Low was a consummate networker and taught royalty, actors and politicians to ski.

Despite her often intimidating façade, Low made many friends through business and while travelling. She was the godmother to a number of children, including the actress Emily Lloyd, following a friendship with her grandmother, Uli Lloyd-Pack who worked for Low for over 30 years, and Uli Lloyd-Pack’s son, Roger Lloyd-Pack.

Low never married and chose to live alone in South Kensington with her dog.

== Death ==

Low died at the age of 92 on 12 February 2002 at her home in London.

== The Future of Erna Low Ltd ==

The company continues to operate in the ski industry with Low's principles forming an integral part of Erna Low's identity.

Erna Low Ltd marked the 80th-year anniversary of Low's Morning Post advertisement in 2012 and Mark Frary's biography, Aiming High, was launched at the Coronet Cinema in London on 11 October 2012.

In addition to this, Erna Low Ltd produced a short film of Low’s life from many thousands of hours of archive cine films.
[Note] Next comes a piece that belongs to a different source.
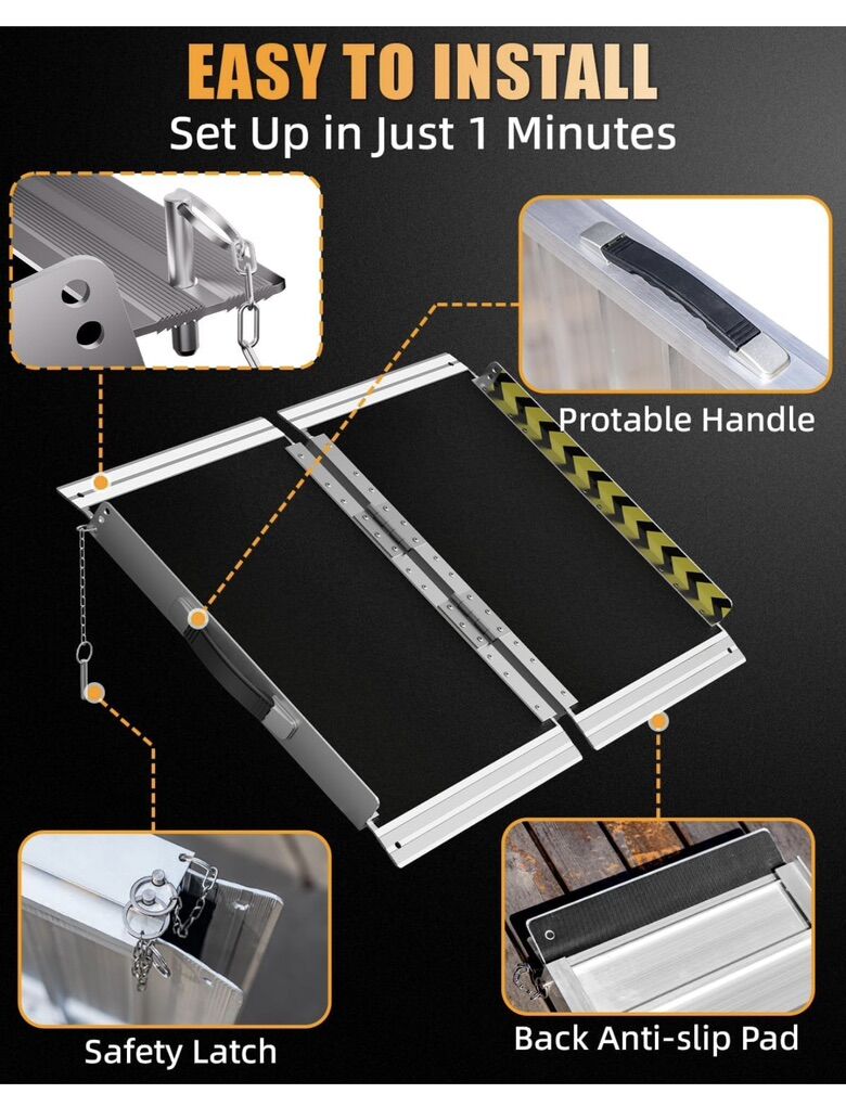 VNN Portable Wheelchair Ramp 2FT, Non-Slip Aluminum Ramps for Wheelchairs for Home, Handicap Wheelchair Ramps for Home Steps, Aluminum Loading Dock Plates

In 2019, Erna Low Ltd was acquired by wintersports specialist NUCO Travel. “Just as Erna favoured me to take over her life’s work, I am now delighted to pass on the mantle to the next generation, and who better than an innovative and thriving ski company such as NUCO Travel, which I have known since its inception and where I am a minority shareholder. With Erna Low managing director Jane Bolton ensuring our values remain a priority, I know the company will continue to blossom as part of the NUCO family.” explains Joanna Yellowlees-Bound who retired as chief executive of Erna Low, after 37 years at the helm.